Written by Randy Hall | Apr 8, 2025 12:00:00 PM

Every spring, accounting firms go through a ritual that’s equal parts grind and glory. Between January and April, it’s all hands on deck—teams working around the clock, systems strained to the max, and cybersecurity often taking a back seat to client deadlines. But now that the dust has settled from another tax season, smart firms are shifting their focus to what comes next.

This is the window—right now—when accounting leaders have the breathing room to re-evaluate their IT posture, address the weak points exposed during the rush, and make meaningful upgrades that protect the firm’s future. Because here’s the truth: the off-season isn’t really “off” anymore. It’s your most strategic time to invest in long-term resilience.

Let’s break down five critical IT improvements your accounting firm should prioritize while the pressure’s off—and before the next cyber or compliance crisis hits.

1. Reinforce Cybersecurity as a Business Risk—Not an IT Issue

Let’s get one thing straight—cybersecurity is no longer just a technical function buried in the IT closet. It’s a full-blown business risk with financial, legal, and reputational consequences. And during tax season, that risk goes into overdrive.

Accounting firms are prime targets. Why? Because you're not just processing numbers—you’re handling a treasure trove of sensitive data: SSNs, banking credentials, payroll details, business financials, and in some cases, complete identity portfolios. Cybercriminals know this. And they time their attacks accordingly.

In fact, according to the Ohio Attorney General’s 2024 Cybersecurity Report, the financial services sector ranked in the top three most targeted industries for reported data breaches in the state, with accounting firms called out specifically as high-risk due to seasonal surges and smaller IT teams.

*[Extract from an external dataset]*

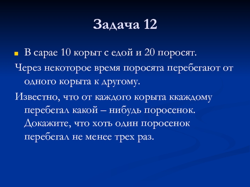 Известно, что от каждого корыта ккаждому перебегал какой – нибудь поросенок. Докажите, что хоть один поросенок перебегал не менее трех раз.

And it’s not just the large firms being hit. Over 60% of data breach notifications in Ohio involved small to mid-sized businesses—precisely the size and structure of most CPA firms across Columbus, Cleveland, and the rest of the state.

Why the focus on SMBs? Because attackers know that during the crush of tax season:

  • Staff are overworked and under-rested

  • Security protocols are often relaxed for the sake of “just getting it done”

  • And frankly, many firms still rely on outdated legacy tools or single IT generalists stretched too thin

Exactly the kind of soft target a ransomware gang or phishing campaign is looking for.

So now that the season has passed, ask the questions that matter:

  • Did you experience any phishing attempts? (Spoiler: You probably did, whether you caught them or not.)

  • Were staff able to recognize and report suspicious emails?

  • Did multi-factor authentication (MFA) actually prevent any unauthorized access attempts—or were there workarounds?

  • Were your backups tested, segmented, and verified to be restorable?

  • Did your team even have the time to think about security while buried under client work?

If you don’t like the answers to those questions—or worse, if you don’t know the answers—then it’s time to get serious.

This is the post-season moment when firm leaders need to stop thinking of cybersecurity as “IT’s problem” and start recognizing it as an executive-level risk management responsibility.

Here in Ohio, we’ve already seen the legal implications ramp up. The Ohio Data Protection Act, enacted in 2018, gives businesses a “safe harbor” if they follow recognized cybersecurity frameworks like NIST 800-171, CIS Controls, or ISO 27001—but that safe harbor only applies if you can demonstrate that you’re actually following them.

Most firms? They’re nowhere near that bar.

Actionable Takeaway: Conduct a formal cybersecurity risk assessment right now, while the lessons from tax season are still fresh. This isn’t just a box to check—it’s your foundation for all other improvements.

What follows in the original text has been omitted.